Retrieval
Biblicus treats retrieval as a reproducible, explicit pipeline stage that transforms a corpus into structured evidence. Retrieval is separated from extraction and context shaping so each can be evaluated independently and swapped without rewriting ingestion.
Retrieval concepts
Backend: a pluggable retrieval implementation that can build and query runs.
Run: a recorded retrieval build for a corpus and extraction snapshot.
Evidence: structured output containing identifiers, provenance, and scores.
Stage: explicit stages such as retrieve, rerank, and filter.
How retrieval snapshots work
Ingest raw items into a corpus.
Build an extraction snapshot to produce text artifacts.
Build a retrieval snapshot with a backend, referencing the extraction snapshot.
Query the run to return evidence.
Retrieval runs are stored under:
retrieval/<backend_id>/<snapshot_id>/
A minimal run you can execute
This walkthrough uses the full text search backend and produces evidence you can inspect immediately.
rm -rf corpora/retrieval_demo
python -m biblicus init corpora/retrieval_demo
printf "alpha beta\n" > /tmp/retrieval-alpha.txt
printf "beta gamma\n" > /tmp/retrieval-beta.txt
python -m biblicus ingest --corpus corpora/retrieval_demo /tmp/retrieval-alpha.txt
python -m biblicus ingest --corpus corpora/retrieval_demo /tmp/retrieval-beta.txt
python -m biblicus extract build --corpus corpora/retrieval_demo --stage pass-through-text
python -m biblicus build --corpus corpora/retrieval_demo --backend sqlite-full-text-search
python -m biblicus query --corpus corpora/retrieval_demo --query "beta"

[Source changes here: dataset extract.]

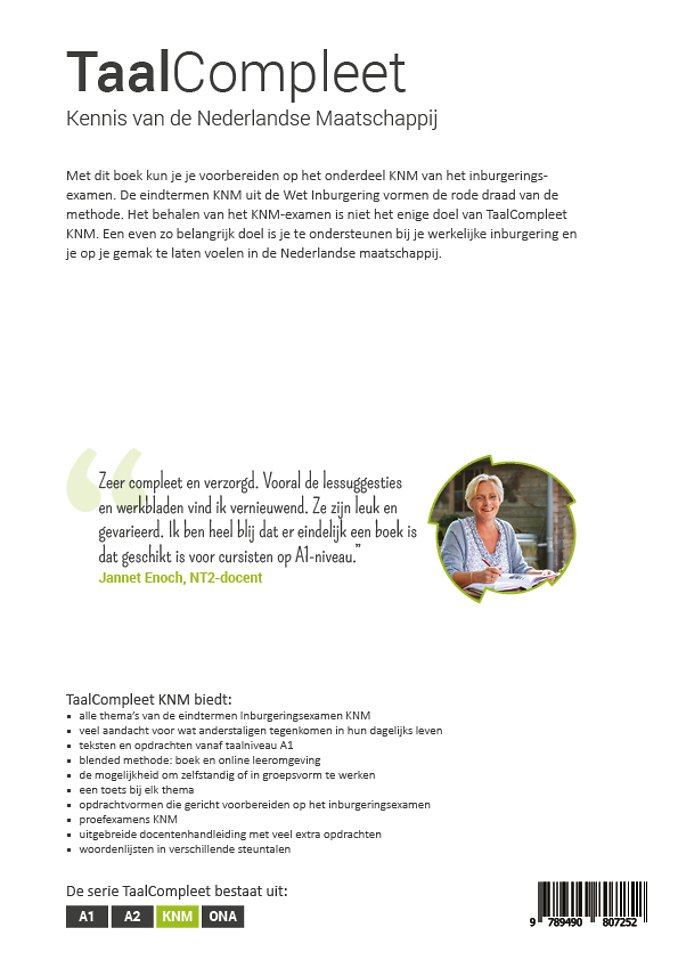 De eindtermen KNM uit de Wet Inburgering vormen de rode draad van de methode. Het behalen van het KNM-examen is niet het enige doel van TaalCompleet KNM. Een even zo belangrijk doel is je te ondersteunen bij je werkelijke inburgering en je op je gemak te laten voelen in de Nederlandse maatschappij.

The query output is structured evidence with identifiers and scores. That evidence is the primary output for evaluation and downstream context packing.
Backends
See docs/backends/index.md for backend selection and configuration.
Choosing a backend
Start with the simplest backend that answers your question:
scanfor tiny corpora or sanity checks.sqlite-full-text-searchfor a practical lexical baseline.tf-vectorwhen you want deterministic term-frequency similarity without external dependencies.embedding-index-filewhen you want embedding retrieval with a local, file-backed index.
You can compare them with the same dataset and budget using the retrieval evaluation workflow.
Evaluation
Retrieval runs are evaluated against datasets with explicit budgets. See docs/retrieval-evaluation.md for the
dataset format and workflow, docs/feature-index.md for the behavior specifications, and docs/context-pack.md for
how evidence feeds into context packs.
Evidence inspection workflow
When you want to understand a result end to end:
Query the backend and save the output.
Inspect the top evidence items and their scores.
Trace each evidence
item_idback to the corpus for context.
Example:
python -m biblicus query --corpus corpora/demo --query "beta" > /tmp/retrieval_output.json
python -c "import json; data=json.load(open('/tmp/retrieval_output.json')); print(data['evidence'][:2])"
python -m biblicus show --corpus corpora/demo ITEM_ID
Saving evidence for later analysis
Evidence output is stable JSON. Save it alongside your experiments so you can compare runs later:
python -m biblicus query --corpus corpora/demo --query "beta" > artifacts/retrieval/beta.json
Record the snapshot identifier and budget values in the same folder so you can reproduce the query.
Labs and demos
When you want a repeatable example with bundled data, use the retrieval evaluation lab:
python scripts/retrieval_evaluation_lab.py --corpus corpora/retrieval_eval_lab --force
The lab builds a tiny corpus, runs extraction, builds a retrieval snapshot, and evaluates it. It prints the dataset path and evaluation output so you can open the JavaScript Object Notation directly.
Reproducibility checklist
Use these habits when you want repeatable retrieval experiments:
Record the extraction snapshot identifier and pass it explicitly when you build a retrieval snapshot.
Keep evaluation datasets in source control and treat them as immutable inputs.
Capture the full retrieval snapshot identifier when you compare outputs across backends.
Why the separation matters
Keeping extraction and retrieval distinct makes it possible to:
Reuse the same extracted artifacts across many retrieval backends.
Compare backends against the same corpus and dataset inputs.
Record and audit retrieval decisions without mixing in prompting or context formatting.
Retrieval quality
For retrieval quality upgrades, see docs/retrieval-quality.md.